2. The MoE Layer: Formal Definition

Notation

Let \(E\) denote the number of experts, indexed \(i \in \{1, \ldots, E\}\). Let \(k \in \mathbb{Z}_{>0}\) with \(k \leq E\) be the number of experts activated per token. Let \(x \in \mathbb{R}^d\) be the input token representation. Each expert is a function \(f_i : \mathbb{R}^d \to \mathbb{R}^d\) (in practice, a feed-forward network, typically the FFN sublayer of a Transformer block). Let \(W_g \in \mathbb{R}^{d \times E}\) be the router weight matrix. We write \(z(x) = W_g^\top x \in \mathbb{R}^E\) for the pre-softmax routing logits.

Soft Gating

Definition (Soft MoE Output). The soft-gated MoE output for input \(x\) is:

\[y = \sum_{i=1}^{E} g_i(x) \cdot f_i(x), \qquad g_i(x) = \operatorname{softmax}(z(x))_i = \frac{\exp(z_i(x))}{\sum_{j=1}^E \exp(z_j(x))}\]

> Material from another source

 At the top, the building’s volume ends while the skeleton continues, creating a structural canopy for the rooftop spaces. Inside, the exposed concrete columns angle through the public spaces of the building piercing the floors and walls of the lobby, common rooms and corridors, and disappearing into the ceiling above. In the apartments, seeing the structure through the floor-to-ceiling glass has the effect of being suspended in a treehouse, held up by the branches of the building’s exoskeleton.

In this formulation, \(g_i(x) > 0\) for all \(i\), so every expert is evaluated for every token. The output is a convex combination of all expert outputs, weighted by the softmax gate. This is the original Jacobs et al. (1991) formulation, made differentiable end-to-end. The gating network is trained jointly with the experts via backpropagation.

The soft formulation is fully differentiable: \(\partial y / \partial \theta_{f_i} = g_i(x) \cdot \partial f_i(x) / \partial \theta_{f_i}\) and \(\partial y / \partial W_g\) follows from the chain rule through the softmax. However, it provides no computational savings — all \(E\) experts must be evaluated.

Hard Top-k Gating

To obtain computational savings, we restrict to a sparse subset of experts. Introduce the masking operation:

\[\operatorname{KeepTopK}(v, k)_i = \begin{cases} v_i & \text{if } v_i \text{ is among the top-}k \text{ elements of } v \\ -\infty & \text{otherwise} \end{cases}\]

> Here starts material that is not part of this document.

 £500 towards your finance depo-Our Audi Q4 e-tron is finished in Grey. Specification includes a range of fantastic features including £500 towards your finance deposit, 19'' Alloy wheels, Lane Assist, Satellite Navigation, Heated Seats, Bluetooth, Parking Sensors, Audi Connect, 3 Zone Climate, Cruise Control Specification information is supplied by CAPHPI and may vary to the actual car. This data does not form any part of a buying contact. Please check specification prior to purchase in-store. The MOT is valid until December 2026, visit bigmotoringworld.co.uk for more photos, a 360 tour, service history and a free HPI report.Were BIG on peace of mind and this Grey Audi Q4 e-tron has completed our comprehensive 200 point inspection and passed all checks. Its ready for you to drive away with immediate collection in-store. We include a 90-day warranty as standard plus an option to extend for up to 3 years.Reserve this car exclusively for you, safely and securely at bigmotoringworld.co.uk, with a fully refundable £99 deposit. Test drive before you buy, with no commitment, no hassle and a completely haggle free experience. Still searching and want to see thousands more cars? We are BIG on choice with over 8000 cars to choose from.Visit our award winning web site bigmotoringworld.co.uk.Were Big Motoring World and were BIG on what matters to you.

Definition (Hard Top-k MoE Output). The sparse top-\(k\) gated MoE output is:

\[y = \sum_{i=1}^{E} g_i(x) \cdot f_i(x), \qquad g(x) = \operatorname{softmax}\!\left(\operatorname{KeepTopK}(z(x), k)\right)\]

Because \(\operatorname{softmax}(-\infty) = 0\), only the \(k\) experts with the highest logits receive non-zero gate weights, and the remaining \(E - k\) experts are not evaluated. The gate weight for any selected expert \(i\) is:

\[g_i(x) = \frac{\exp(z_i(x))}{\sum_{j \in \mathcal{T}(x)} \exp(z_j(x))}, \quad \mathcal{T}(x) = \{i : z_i(x) \text{ is a top-}k \text{ logit}\}\]

This concentrates the gate mass onto a selected subset, while the experts in \(\mathcal{T}(x)\) form a proper probability simplex.

The top-\(k\) selection is not differentiable: the set \(\mathcal{T}(x)\) is a discrete function of \(z(x)\), so gradients cannot flow through the selection boundary. In practice, training works by treating the selected set as given (stop-gradient on the selection) and backpropagating through the softmax weights and through the selected experts’ outputs. This is a valid but heuristic approximation to the true gradient.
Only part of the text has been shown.